Sang Uchiha mendongak seraya mempertahankan delikan sinisnya. "Aku tidak punya urusan denganmu, Suigetsu. Pergi." Usirnya.

Suigetsu menggeram marah. Ia menarik kerah baju Sasuke dengan kasar. "Dengar ya anak manja, kau tidak berhak mengusirku. Aku yang berkuasa disini." Desisnya emosi.

Naruto yang melihat gelagat itu langsung menepis cengkraman Suigetsu dari kerah seragam sang Uchiha. "Kau yang dengar, napas bau—" Pemuda pirang itu ikut mendesis. "—Sekali lagi kau berani menyentuh Sasuke, akan kupastikan lehermu patah." Lanjutnya geram.

Suigetsu terkekeh meremehkan, kemudian mencengkram kerah Naruto dengan kasar. "Jangan bercanda, aku yang akan mematahkan lehermu, brengsek!—Lagipula siapa kau? Pahlawan nasional? Pahlawan kesiangan?" Ejeknya.

Naruto menepis cengkraman Suigetsu dan menatapnya angkuh. "Aku 'anjing'nya, Sasuke."

Pemimpin kawanan hyena itu terdiam, mengerjap tidak percaya.
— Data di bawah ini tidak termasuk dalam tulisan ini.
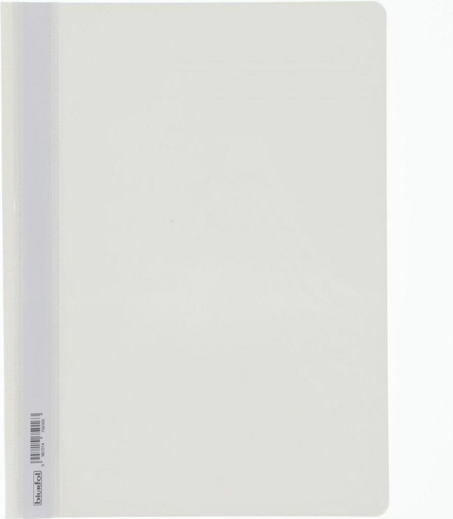 Folia PVC, przód twardy przezroczysty, tył twardy kolorowy, w środku blaszka i wąs o długości 16,5 cm, umożliwiający wpięcie dokumentów do 2 cm, wymienny, papierowy pasek do opisu, dwa wycięcia ułatwiające wysuwanie paska. W formacie A4 zaokrąglone rogi obu okładek. Kolor biały. Opakowanie zawiera 20 sztuk.
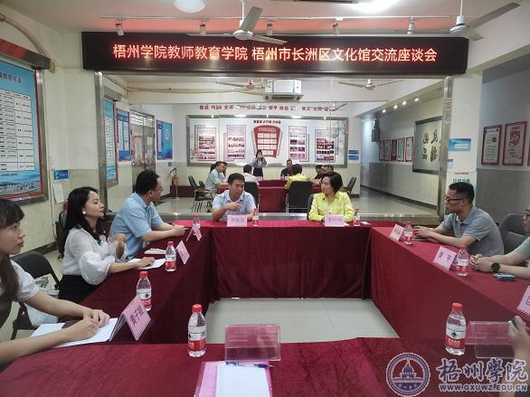 调研组参观了梧州市群众艺术馆、梧州市长洲区文化馆并开展座谈。座谈会上,双方就围绕院音乐、舞蹈专业学生实践、实习及就业的相关工作进行了深入交流与探讨。市群众艺术馆负责人、长洲区文化馆有关负责人表示希望在学校在校生的实践、实习方面提供支持,积极构建学生成长平台。
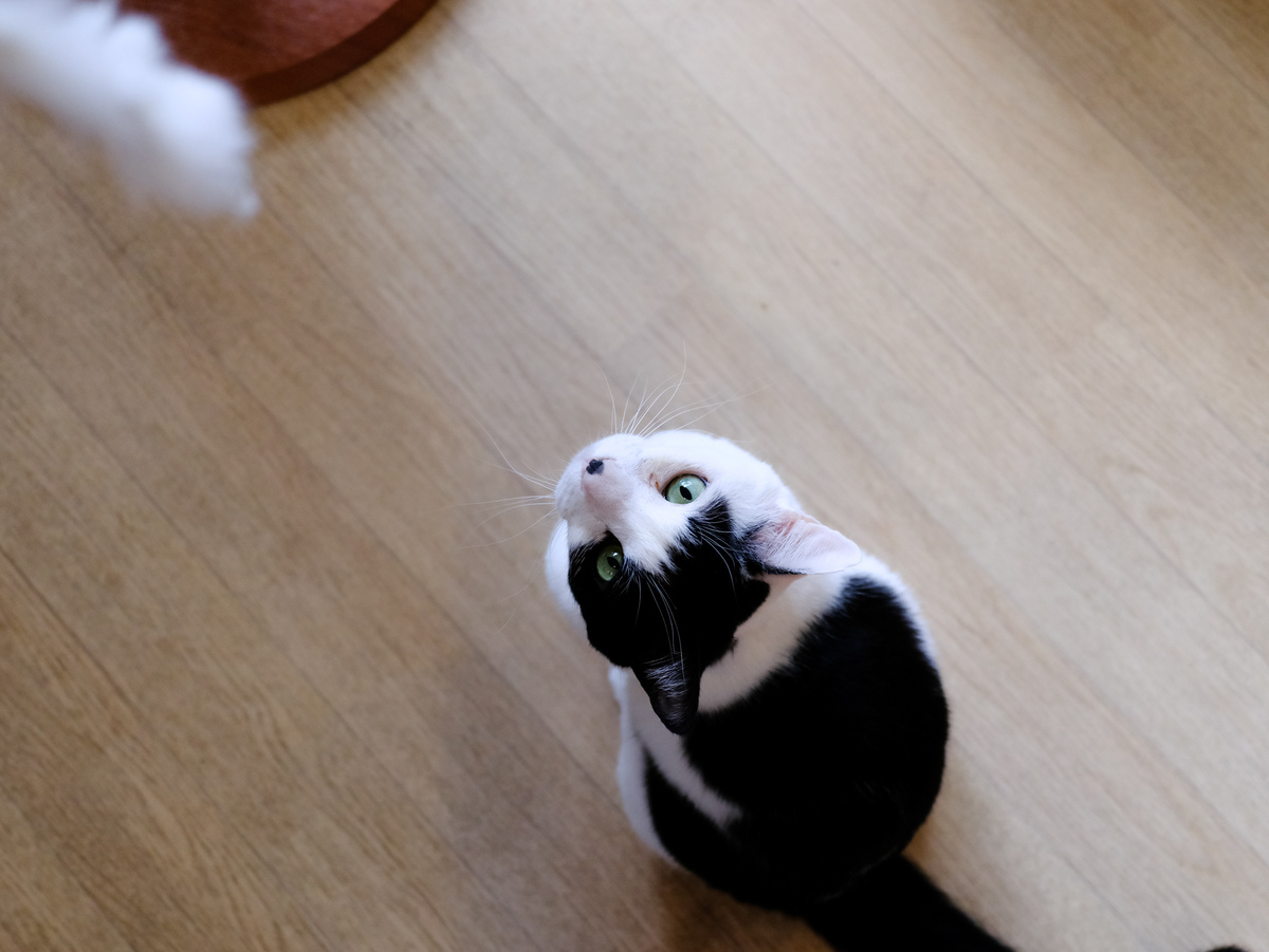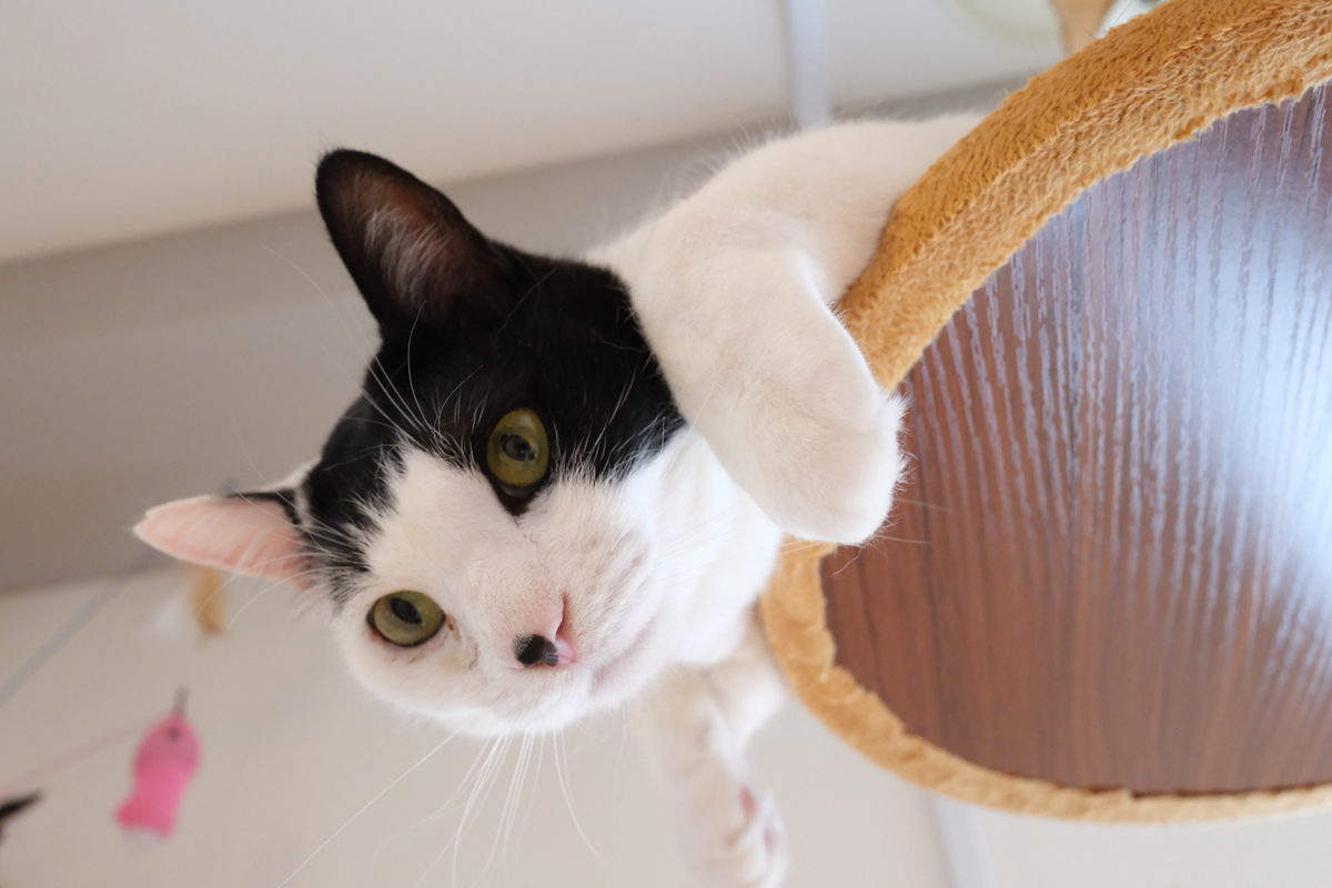猫に挨拶してたら、遊んでほしそうな顔で白黒の猫が見下ろしていた。名前はしんのすけ。キャットタワーから身を乗り出している姿が可愛かったので、モニターを開いてローアングルで狙ってみた。

Detik selanjutnya dia tertawa terbahak-bahak. "Buahahaha—anjing?" Suigetsu tergelak keras sambil memegangi perutnya yang kesakitan. Sedangkan Sasuke menggeram kesal ke arah Naruto yang luar biasa bodohnya.

"Kemari, Idiot!" Sasuke menarik paksa tangan pemuda pirang itu dan membawanya keluar kelas. Mereka bergerak cepat menuju bawah tangga, tempat yang strategis untuk berbicara empat mata.

Sasuke menyentakkan lengan Naruto dengan geram. "Apa maksudmu tadi, hah?! Kau ingin mempermalukanku atau apa?!" Bentak pemuda itu penuh emosi.

Naruto yang bersender di sisi tembok hanya menatap Sasuke kebingungan. "Aku hanya mengatakan yang sebenarnya. Aku anjingmu, Sasuke."

"Cukup omong kosongnya! Sebenarnya maumu apa?! Kau ingin mengerjaiku dengan cara baru, begitu?!" Bentaknya lagi.

"Aku tidak ingin mengerjaimu! Aku ingin melindungimu!" Balas Naruto tak kalah kesalnya.

"AKU TIDAK BUTUH PERLINDUNGANMU!" Sasuke akhirnya berteriak keras. Membuat Naruto terkejut dan mundur ketakutan hingga punggungnya menabrak tembok.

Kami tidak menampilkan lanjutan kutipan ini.